Сохраняя таким образом пристойный фасад нашего дома, он вдруг терял всякую выдержку, стоило мне там не появиться несколько ночей подряд, и отправлял к Марте горничную с запиской, адресованной мне, приказывая немедля вернуться, иначе мол, он заявит о моем бегстве в префектуру полиции и подаст в суд на г-жу Лакомб за растление несовершеннолетних.

Марта, соблюдая приличия, принимала удивленный вид, отвечая горничной, что передаст мне записку при первой же возможности, как только я появлюсь. Некоторое время спустя я возвращался вслед за горничной, проклиная свой возраст, мешающий мне располагать самим собой. Дома ни отец, ни мать рта не открывали. Я рылся в Кодексе, не находя статей закона, касающихся несовершеннолетних. И я с замечательной беззаботностью отказывался верить, что мое поведение способно привести меня в исправительный дом. Наконец, истрепав понапрасну Кодекс, я принялся за Большой Словарь Ларусса, где раз десять перечитал статью «Несовершеннолетие», так и не обнаружив ничего такого, что касалось бы нас с Мартой.

На следующий день отец опять оставлял меня в покое.

Для тех, кто стал бы искать причины столь странного поведения, я резюмирую его в трех строчках: сначала он позволял мне поступать по моему усмотрению; потом начинал этого стыдиться, угрожал, злясь больше на себя самого, чем на меня; и, наконец, опять устыдившись, теперь уже за свой гнев, снова отпускал поводья.

Г-жу Гранжье по возвращении насторожили коварные вопросы соседей. Притворяясь, будто верят, что я брат Жака, они поведали ей о нашем совместном житье. А поскольку и Марта не могла удержаться, чтобы не упомянуть мое имя или не сообщить, что я сказал и сделал по тому или иному поводу, у ее матери недолго оставались сомнения насчет личности этого самого брата.

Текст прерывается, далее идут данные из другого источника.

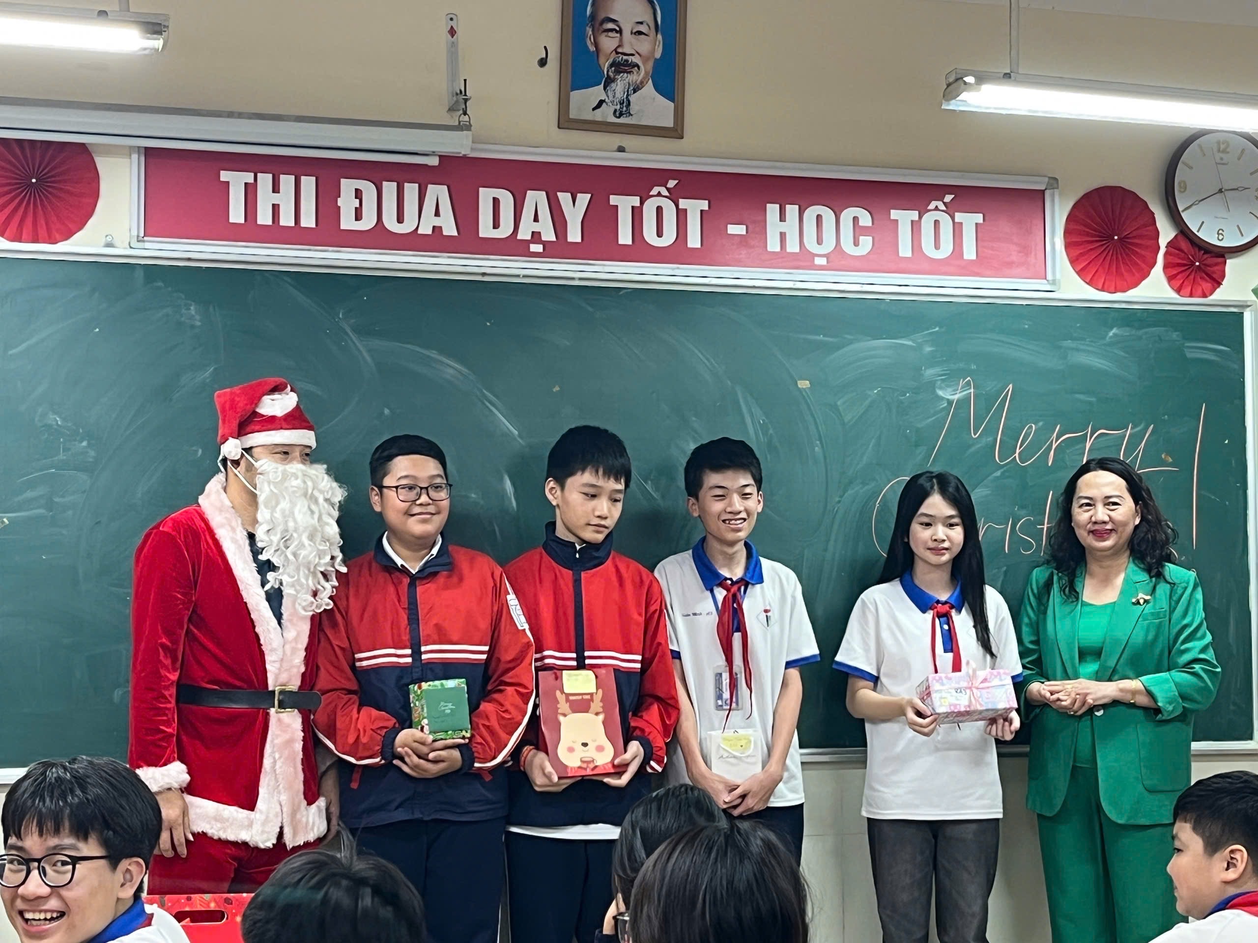 🎁🎅💕Với mong muốn mang đến cho các em học sinh mùa Giáng sinh an lành và hạnh phúc, các thầy cô trong Ban giám hiệu cùng các “ông già Noel” của nhà trường đã đến từng lớp học chúc mừng và trao tận tay các em những món quà nhỏ xinh do phụ huynh và bạn bè chuẩn bị, gửi gắm bao yêu thương trong dịp lễ này.

Но она еще извиняла Марту, считая, что ребенок (отцом которого она безусловно считала Жака) положит конец этому безрассудству. Г-ну Гранжье она ничего не рассказала, опасаясь скандала. Но отнесла эту скрытность на счет своего душевного величия, которое склоняло ее к тому, чтобы предупредить Марту, дабы та, в свою очередь, была ей признательна. Она без конца изводила свою дочь, лишь бы доказать, что ей все известно, говорила намеками, да так неуклюже, что даже г-н Гранжье наедине с супругой умолял ее поберечь их невинную бедняжку-дочь, чтобы эти бесконечные домыслы не заморочили ей, наконец, голову. На что г-жа Гранжье отвечала иногда простой улыбкой, но так, чтобы дать понять своему мужу, будто их дочь во всем ей призналась.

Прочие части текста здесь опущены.